───── Material provided
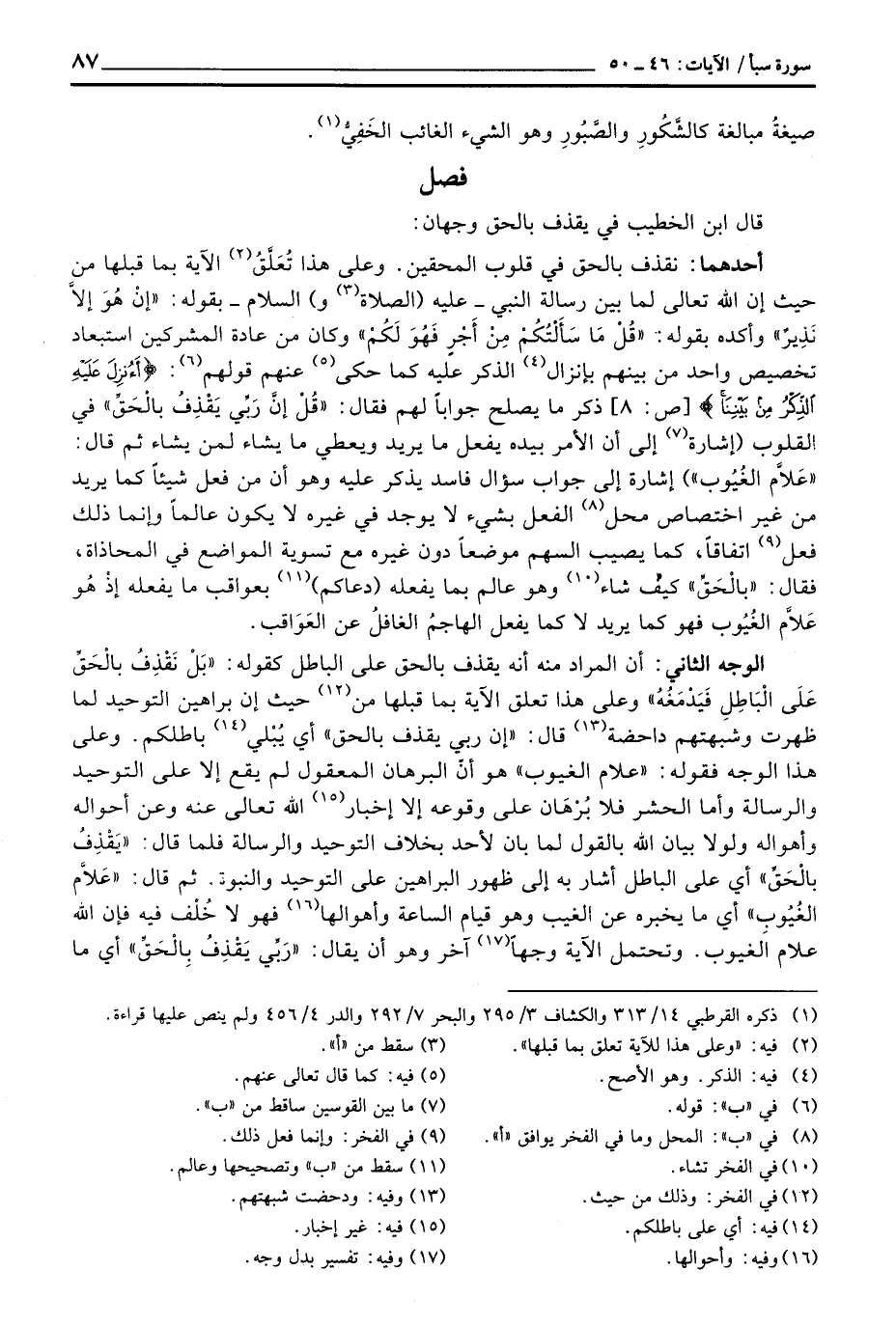 قال ابن الخطيب في يقذف بالحق وجهان: أحدهما: نقذف بالحق في قلوب المحقين. وعلى هذا تُعَلَّقُ الآية بما قبلها من حيث إن الله تعالى لما بين رسالة النبي - عليه (الصلاة و) السلام - بقوله: {إنْ هُوَ إلاَّ نَذِيرٌ} وأكده بقوله: {قُلْ مَا سَأَلْتُكُم مِّن أَجْرٍ فَهُوَ لَكُم} وكان من عادة المشركين استعباد تخصيص واحد من بينهم بإنزال الذكر عليه كما حكى عنهم قولهم: {أَأُنزِلَ عَلَيْهِ الذكر مِن بَيْنِنَا} [ص: 8] ذكر ما يصلح جواباً لهم فقال: {قُلْ إِنَّ رَبِّي يَقْذِفُ بالحق} في القلوب (إشارة إلى أن الأمر بيده يفعل ما يريد ويعطي ما يشاء كما يريد من غير اختصاص محل الفعل بشيء لا يوجد في غيره لا يكون عالماً وإنما ذلك فعل اتفاقاً، كما يصيب السهم موضعاً دون غيره مع تسوية المواضع في المحاذاة، فقال: «بالْحقِّ» كيف شاء وهو عالم بما يفعله (دعاكم) بعواقب ما يفعله إذْ هُو عَلاَّم الغُيُوب فهو كما يريد لا كما يفعل الهاجمُ الغافلُ عن العَوَاقب.
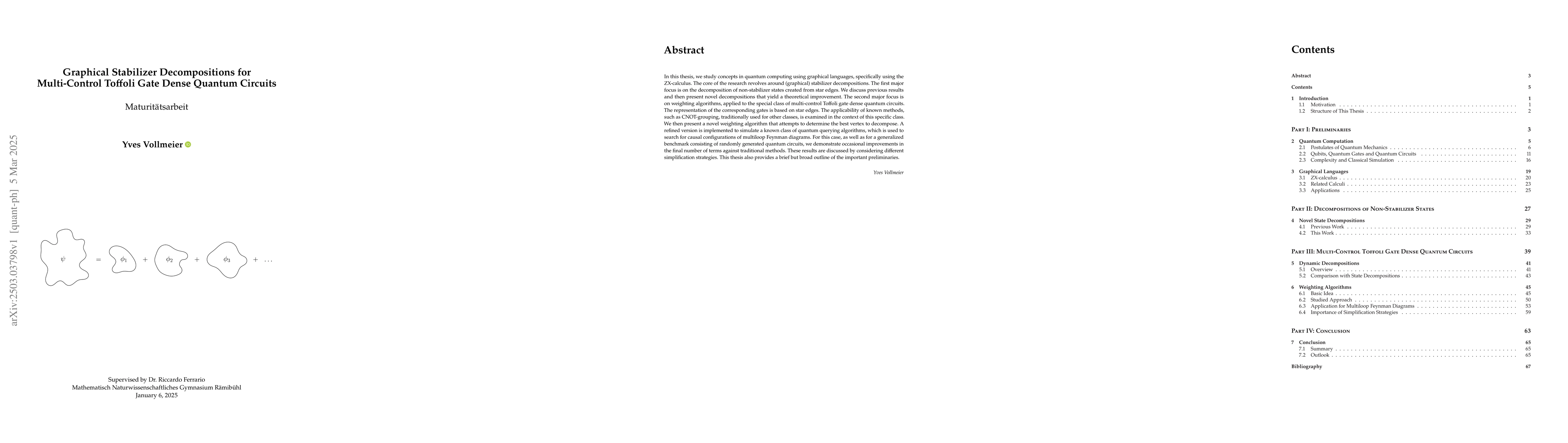 This thesis explores quantum computing through the ZX-calculus, focusing on graphical stabilizer decompositions for multi-control Toffoli gate dense quantum circuits. It introduces novel decompositions for non-stabilizer states and presents a refined weighting algorithm that improves the efficiency of these circuits, demonstrating occasional improvements over traditional methods.
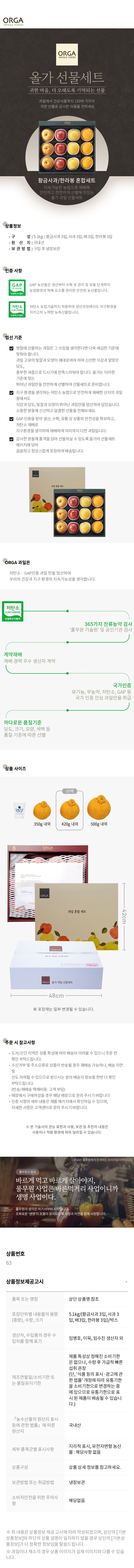 (백화점판매상품) [ORGA] 황금사과/배/한라봉 혼합세트_M
──────────
__Task description__: I'd like the material repeated word for word, without the pictures it holds.

__Result of this exercise__:
 قال ابن الخطيب في يقذف بالحق وجهان: أحدهما: نقذف بالحق في قلوب المحقين. وعلى هذا تُعَلَّقُ الآية بما قبلها من حيث إن الله تعالى لما بين رسالة النبي - عليه (الصلاة و) السلام - بقوله: {إنْ هُوَ إلاَّ نَذِيرٌ} وأكده بقوله: {قُلْ مَا سَأَلْتُكُم مِّن أَجْرٍ فَهُوَ لَكُم} وكان من عادة المشركين استعباد تخصيص واحد من بينهم بإنزال الذكر عليه كما حكى عنهم قولهم: {أَأُنزِلَ عَلَيْهِ الذكر مِن بَيْنِنَا} [ص: 8] ذكر ما يصلح جواباً لهم فقال: {قُلْ إِنَّ رَبِّي يَقْذِفُ بالحق} في القلوب (إشارة إلى أن الأمر بيده يفعل ما يريد ويعطي ما يشاء كما يريد من غير اختصاص محل الفعل بشيء لا يوجد في غيره لا يكون عالماً وإنما ذلك فعل اتفاقاً، كما يصيب السهم موضعاً دون غيره مع تسوية المواضع في المحاذاة، فقال: «بالْحقِّ» كيف شاء وهو عالم بما يفعله (دعاكم) بعواقب ما يفعله إذْ هُو عَلاَّم الغُيُوب فهو كما يريد لا كما يفعل الهاجمُ الغافلُ عن العَوَاقب.
 This thesis explores quantum computing through the ZX-calculus, focusing on graphical stabilizer decompositions for multi-control Toffoli gate dense quantum circuits. It introduces novel decompositions for non-stabilizer states and presents a refined weighting algorithm that improves the efficiency of these circuits, demonstrating occasional improvements over traditional methods.
 (백화점판매상품) [ORGA] 황금사과/배/한라봉 혼합세트_M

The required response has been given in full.